Additionally, "Section 2255 does not afford a remedy for all errors that may have been made at trial or during sentencing", "[r]ather, Section 2255 is implicated only when the alleged error raises 'a fundamental defect which inherently results in a complete miscarriage of justice.'" Williams v. UnitedStates, 2016 WL 6892375, *2 (M.D. Pa. Nov. 22, 2016) (internal citations omitted).

"If the court determines that the sentence was not authorized by law, was unconstitutional, or is otherwise open to collateral attack, the court may vacate the judgment, resentence the prisoner, or grant the prisoner a new trial as appropriate." United States v. Milan, 2020 WL 6682535, *2 (M.D. Pa. Nov. 12, 2020) (citing 28 U.S.C. §2255(b)).

III. DISCUSSION

This court has jurisdiction over Whiting's motion under §2255 pursuant to 28 U.S.C. §§1331 and 2241.

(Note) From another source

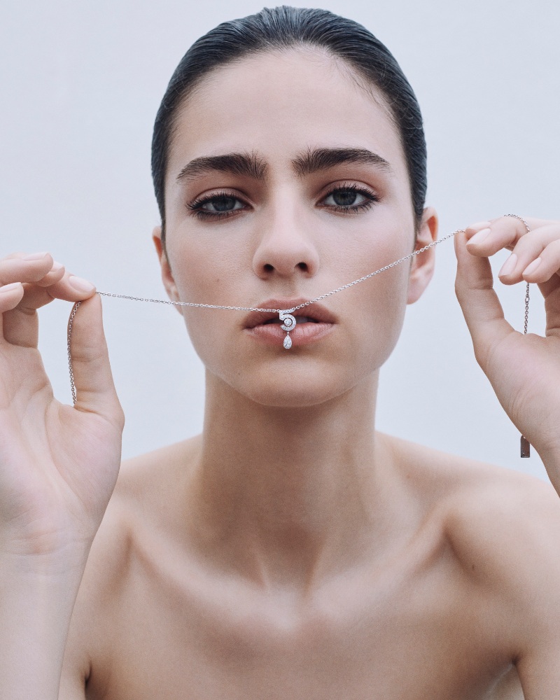 Recordando el color dorado de la fragancia Nº5, esta nueva joyería de lujo de Chanel es una de las mejores interpretaciones. De hecho, si te fijas bien, el número de la suerte de Gabrielle está adornado con diamantes que capturan la luz como un rayo. Un detalle que no es casual, ya que en la curva del número se encuentra otro diamante con engaste cerrado, un sello de la casa francesa desde 1932. Esta particularidad es una metáfora visual de cómo una gota del perfume cae sobre la piel. Por último, el contraste entre el brillo de los diamantes y la pureza del oro es el detalle que define cada joya.

In his §2255 motion, Whiting seeks to vacate his conviction under §924(c) as unconstitutional, claiming that the underlying predicate crime of Hobbs Act robbery no longer qualifies as a "crime of violence" under the rule announced by the Supreme Court in Davis. Since his motion was filed within one year of the date on which the Davis decision was issued, (June 24, 2019), it is timely. See Milan, 2020 WL 6682535, *2 ("A federal prisoner may ... file a §2255 motion within one year from '[t]he date on which the right asserted was initially recognized by the Supreme Court, if that right was newly recognized by the Supreme Court and made retroactively applicable to cases on collateral review.'") (citing 28 U.S.C. §2255(f)(3)). The court alsofinds no merit to the government's penultimate argument that Whiting's claim based on Davis is procedurally defaulted and that he could have raised this issue earlier when the case was initially charged. Whiting's instant constitutional vagueness challenge to §924(c)(3)(B) was not available to him prior to Davis. See In re Matthews, 934 F.3d 296 (3d Cir. 2019) (Third Circuit authorized petitioners' second or successive §2255 motions after the Davis case finding that they were timely and that the issue of whether "petitioners' crimes fall under the elements clause or the challenged residual clause is itself a merits inquiry."). See also United States v. Cunningham, 2020 WL 6504636 (M.D. Pa. Nov. 5, 2020) (after the Davis decision, the Third Circuit authorized defendant's second or successive Section 2255 motion to vacate his conviction and consecutive mandatory minimum sentence under 18 U.S.C. §924(c) claiming that his conviction as to this offense cannot rest on the residual clause of Section 924(c)(3)(B) since it is unconstitutionally vague).

The court will now consider the merits of Whiting's instant claim based on Davis.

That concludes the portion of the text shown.